▶ _EXERCISE PROMPT_:
Pictures are to be left out; every line from the one with "-9% D-Link 8-Ports" through the end of the data must be transcribed exactly.

▶ _DATA BLOCK_:
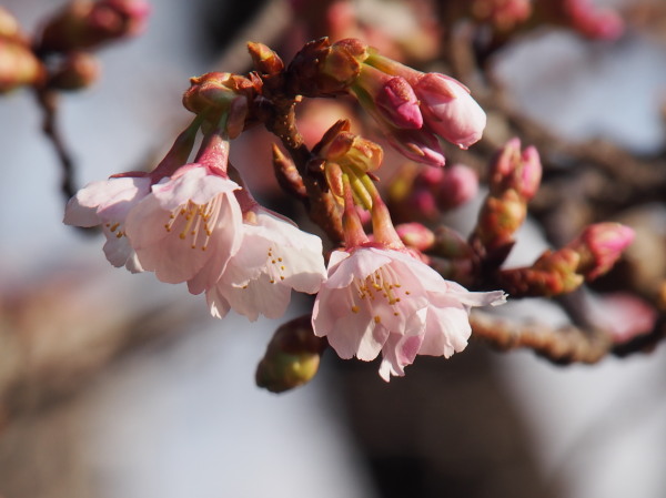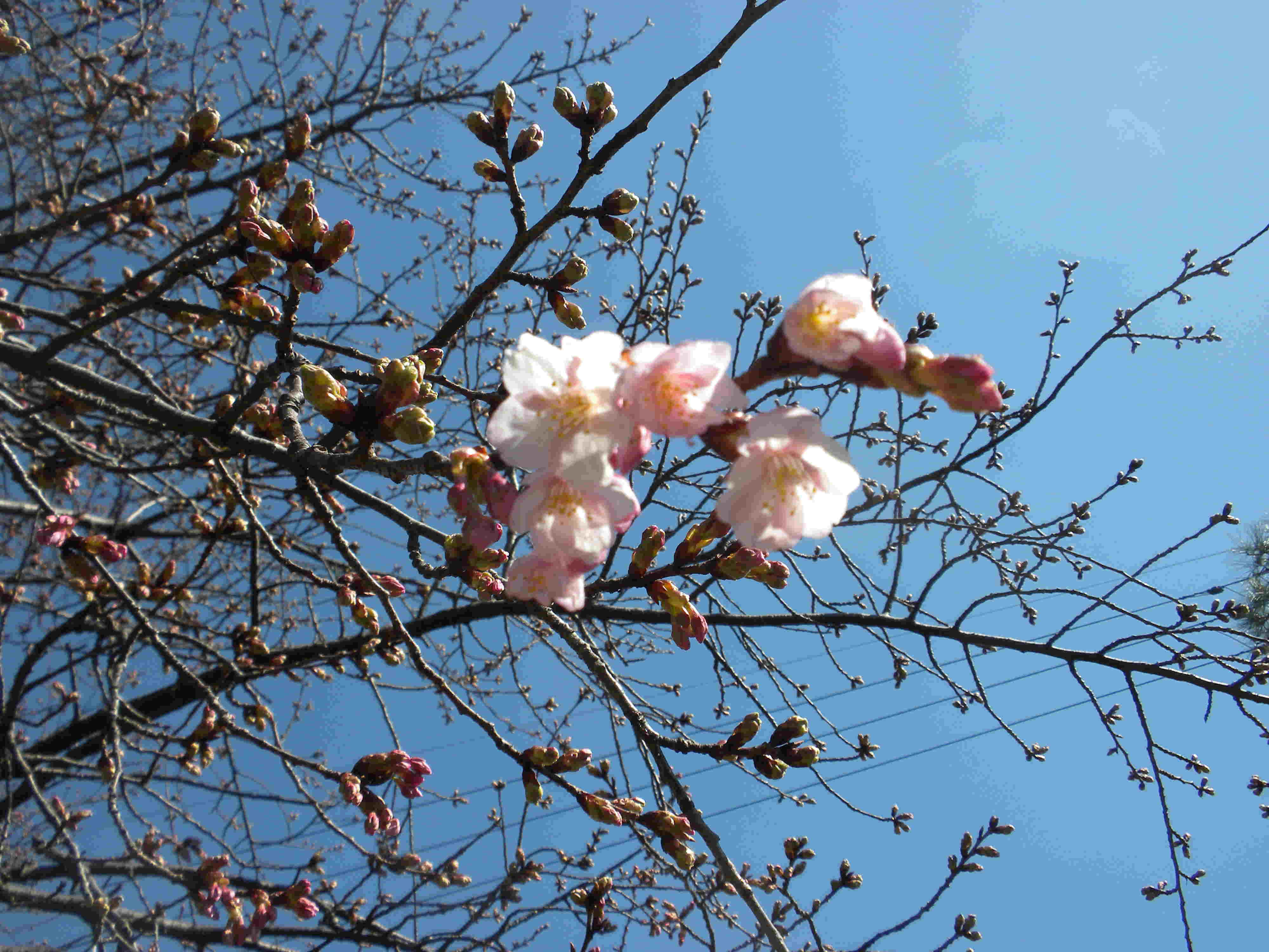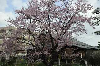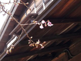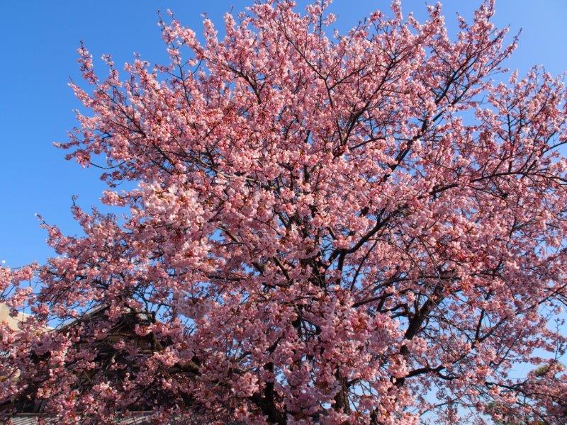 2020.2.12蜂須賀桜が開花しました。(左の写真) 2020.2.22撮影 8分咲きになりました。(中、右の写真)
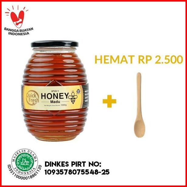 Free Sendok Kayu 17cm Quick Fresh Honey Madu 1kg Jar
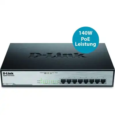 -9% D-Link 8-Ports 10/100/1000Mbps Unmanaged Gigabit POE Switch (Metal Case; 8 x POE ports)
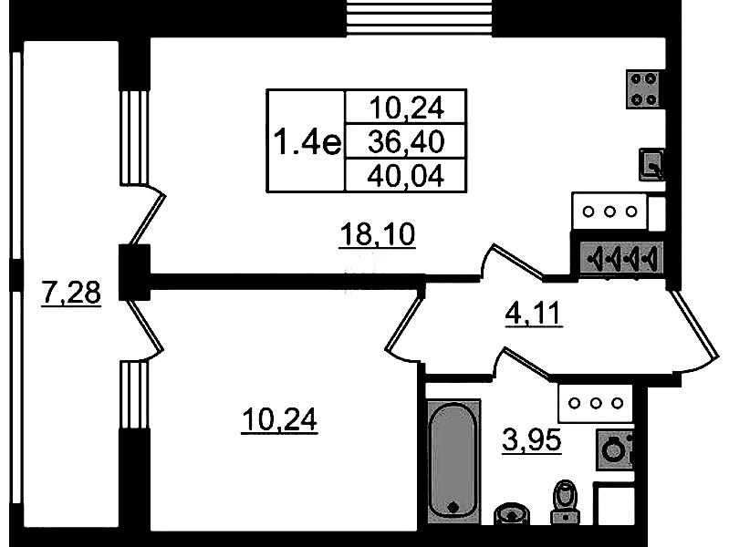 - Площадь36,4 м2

▶ _FINAL ANSWER_:
 -9% D-Link 8-Ports 10/100/1000Mbps Unmanaged Gigabit POE Switch (Metal Case; 8 x POE ports)
 - Площадь36,4 м2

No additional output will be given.